**What to produce**.
Exactly the lines from the beginning of the records below through the line with "Il loro design" must be given again, without pictures.

**Available records**.

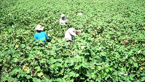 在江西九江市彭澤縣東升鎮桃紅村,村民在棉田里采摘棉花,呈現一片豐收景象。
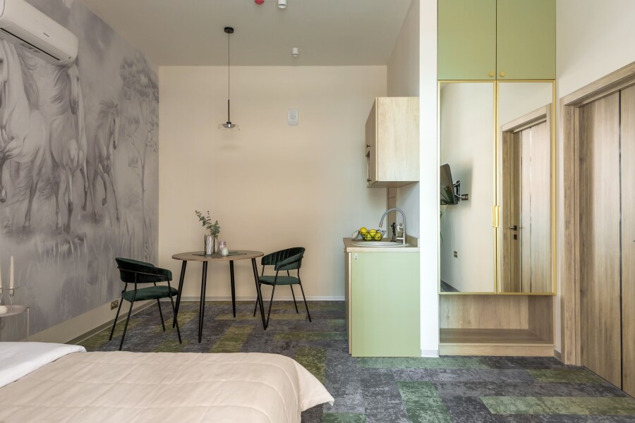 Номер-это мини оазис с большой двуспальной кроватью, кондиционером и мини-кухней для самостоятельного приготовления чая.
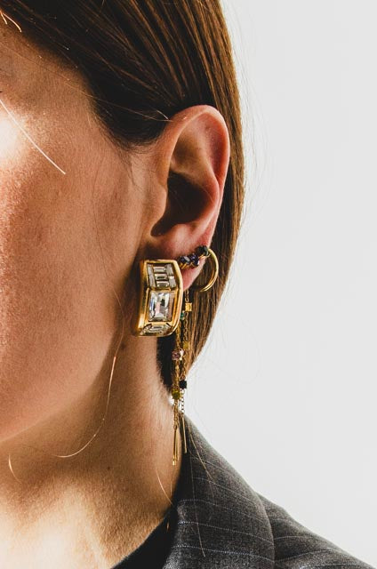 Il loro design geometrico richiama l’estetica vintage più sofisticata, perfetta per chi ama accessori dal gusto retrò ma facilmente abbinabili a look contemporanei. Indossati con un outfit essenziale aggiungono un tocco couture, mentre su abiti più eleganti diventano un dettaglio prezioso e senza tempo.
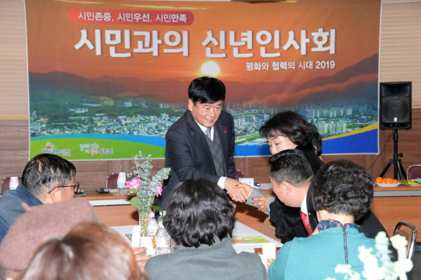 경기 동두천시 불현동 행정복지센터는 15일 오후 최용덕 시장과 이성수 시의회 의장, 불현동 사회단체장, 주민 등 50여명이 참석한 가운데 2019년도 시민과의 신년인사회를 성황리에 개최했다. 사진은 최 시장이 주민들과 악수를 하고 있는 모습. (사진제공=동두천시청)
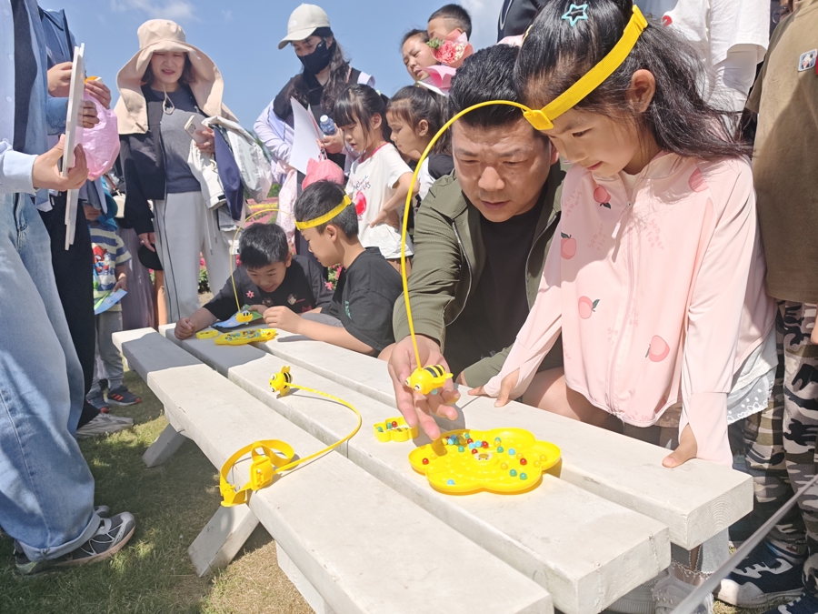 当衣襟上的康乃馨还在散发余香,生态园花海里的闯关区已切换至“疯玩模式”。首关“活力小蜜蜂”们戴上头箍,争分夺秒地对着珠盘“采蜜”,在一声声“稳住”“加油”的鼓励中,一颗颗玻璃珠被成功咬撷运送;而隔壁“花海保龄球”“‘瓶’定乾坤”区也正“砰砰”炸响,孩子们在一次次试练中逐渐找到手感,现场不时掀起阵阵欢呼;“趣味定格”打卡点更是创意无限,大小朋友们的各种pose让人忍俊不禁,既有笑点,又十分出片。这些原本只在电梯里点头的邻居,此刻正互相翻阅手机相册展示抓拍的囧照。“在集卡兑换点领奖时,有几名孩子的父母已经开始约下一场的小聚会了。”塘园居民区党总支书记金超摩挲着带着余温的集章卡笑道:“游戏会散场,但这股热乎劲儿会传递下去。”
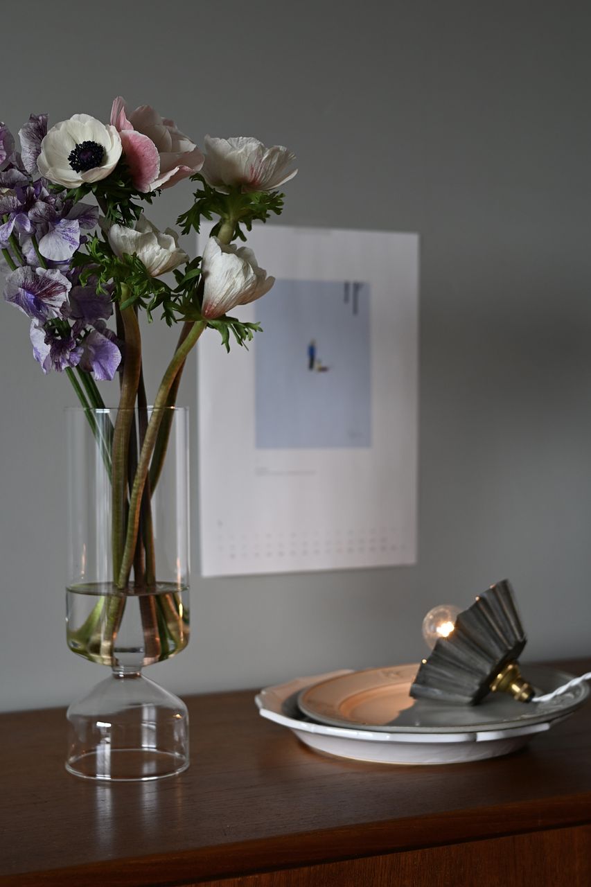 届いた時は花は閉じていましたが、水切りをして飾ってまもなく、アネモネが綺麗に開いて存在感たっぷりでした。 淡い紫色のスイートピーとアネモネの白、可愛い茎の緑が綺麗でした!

**Solution for this exercise**.
 在江西九江市彭澤縣東升鎮桃紅村,村民在棉田里采摘棉花,呈現一片豐收景象。
 Номер-это мини оазис с большой двуспальной кроватью, кондиционером и мини-кухней для самостоятельного приготовления чая.
 Il loro design geometrico richiama l’estetica vintage più sofisticata, perfetta per chi ama accessori dal gusto retrò ma facilmente abbinabili a look contemporanei. Indossati con un outfit essenziale aggiungono un tocco couture, mentre su abiti più eleganti diventano un dettaglio prezioso e senza tempo.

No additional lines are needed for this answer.